Records for processing:

● ● ●

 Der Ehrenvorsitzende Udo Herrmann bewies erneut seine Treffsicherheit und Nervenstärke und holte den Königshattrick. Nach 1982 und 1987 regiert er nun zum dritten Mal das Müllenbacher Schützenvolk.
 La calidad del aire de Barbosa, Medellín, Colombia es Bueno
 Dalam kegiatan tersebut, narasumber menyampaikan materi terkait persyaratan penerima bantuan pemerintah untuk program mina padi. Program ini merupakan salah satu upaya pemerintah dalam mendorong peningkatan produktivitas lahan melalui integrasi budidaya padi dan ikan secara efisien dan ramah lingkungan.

● ● ●

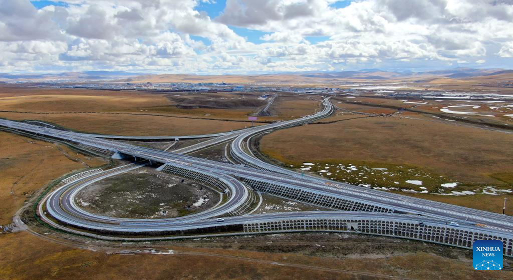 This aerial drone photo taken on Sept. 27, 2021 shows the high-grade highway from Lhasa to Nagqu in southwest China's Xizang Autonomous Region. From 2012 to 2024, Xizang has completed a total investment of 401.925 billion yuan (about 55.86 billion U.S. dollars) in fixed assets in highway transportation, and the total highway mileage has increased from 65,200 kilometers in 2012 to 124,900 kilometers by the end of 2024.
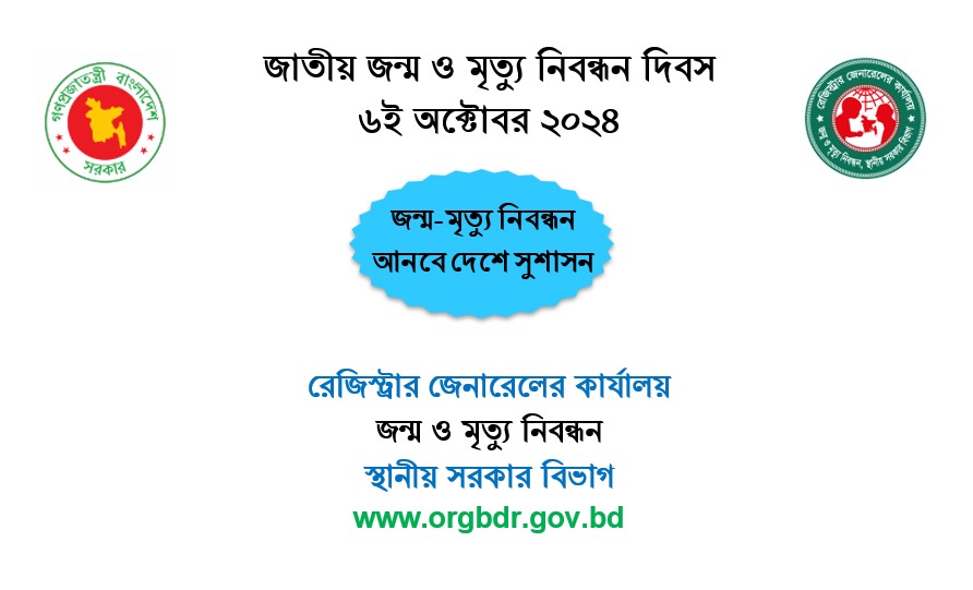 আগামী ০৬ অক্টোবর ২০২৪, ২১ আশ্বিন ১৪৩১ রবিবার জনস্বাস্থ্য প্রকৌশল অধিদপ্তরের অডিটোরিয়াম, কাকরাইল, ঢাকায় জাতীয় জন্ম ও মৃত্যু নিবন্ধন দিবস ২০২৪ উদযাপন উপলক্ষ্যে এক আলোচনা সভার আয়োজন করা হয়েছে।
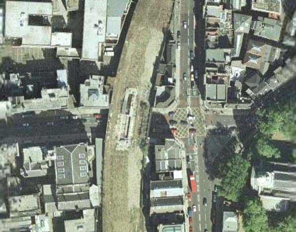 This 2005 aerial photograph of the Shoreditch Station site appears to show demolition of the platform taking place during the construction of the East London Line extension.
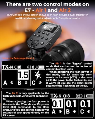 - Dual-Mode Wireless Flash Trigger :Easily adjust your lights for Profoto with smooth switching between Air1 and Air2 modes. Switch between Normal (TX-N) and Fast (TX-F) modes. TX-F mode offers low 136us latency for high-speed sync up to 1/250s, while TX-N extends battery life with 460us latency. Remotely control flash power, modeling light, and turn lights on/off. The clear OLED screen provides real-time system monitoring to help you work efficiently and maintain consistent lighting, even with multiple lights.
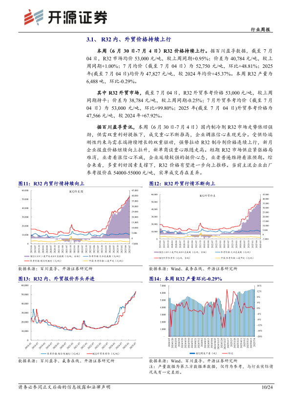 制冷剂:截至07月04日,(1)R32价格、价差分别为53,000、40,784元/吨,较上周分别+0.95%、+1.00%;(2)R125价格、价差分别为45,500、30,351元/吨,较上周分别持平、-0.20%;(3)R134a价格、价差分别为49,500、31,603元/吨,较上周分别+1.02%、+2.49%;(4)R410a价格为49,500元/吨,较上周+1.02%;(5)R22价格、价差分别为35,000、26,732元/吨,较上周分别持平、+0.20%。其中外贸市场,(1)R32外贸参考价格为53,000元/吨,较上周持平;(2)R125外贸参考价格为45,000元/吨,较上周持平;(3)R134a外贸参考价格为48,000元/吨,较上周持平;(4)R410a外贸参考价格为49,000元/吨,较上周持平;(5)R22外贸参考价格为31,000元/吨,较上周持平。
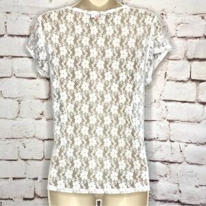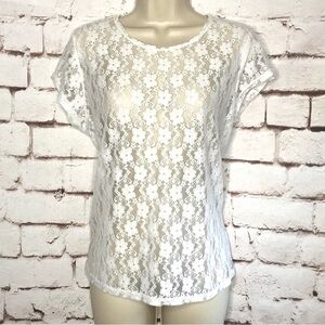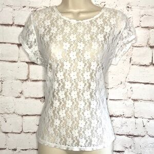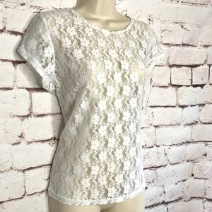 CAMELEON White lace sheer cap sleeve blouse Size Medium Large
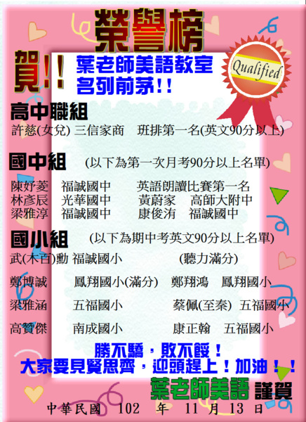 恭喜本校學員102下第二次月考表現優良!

● ● ●

Problem description: Exact repeat of the material above: every line from the one with "- Dual-Mode Wireless" through the one with "CAMELEON White lace", endpoints included, and nothing more. No pictures.

Solution to this problem:
 - Dual-Mode Wireless Flash Trigger :Easily adjust your lights for Profoto with smooth switching between Air1 and Air2 modes. Switch between Normal (TX-N) and Fast (TX-F) modes. TX-F mode offers low 136us latency for high-speed sync up to 1/250s, while TX-N extends battery life with 460us latency. Remotely control flash power, modeling light, and turn lights on/off. The clear OLED screen provides real-time system monitoring to help you work efficiently and maintain consistent lighting, even with multiple lights.
 制冷剂:截至07月04日,(1)R32价格、价差分别为53,000、40,784元/吨,较上周分别+0.95%、+1.00%;(2)R125价格、价差分别为45,500、30,351元/吨,较上周分别持平、-0.20%;(3)R134a价格、价差分别为49,500、31,603元/吨,较上周分别+1.02%、+2.49%;(4)R410a价格为49,500元/吨,较上周+1.02%;(5)R22价格、价差分别为35,000、26,732元/吨,较上周分别持平、+0.20%。其中外贸市场,(1)R32外贸参考价格为53,000元/吨,较上周持平;(2)R125外贸参考价格为45,000元/吨,较上周持平;(3)R134a外贸参考价格为48,000元/吨,较上周持平;(4)R410a外贸参考价格为49,000元/吨,较上周持平;(5)R22外贸参考价格为31,000元/吨,较上周持平。
 CAMELEON White lace sheer cap sleeve blouse Size Medium Large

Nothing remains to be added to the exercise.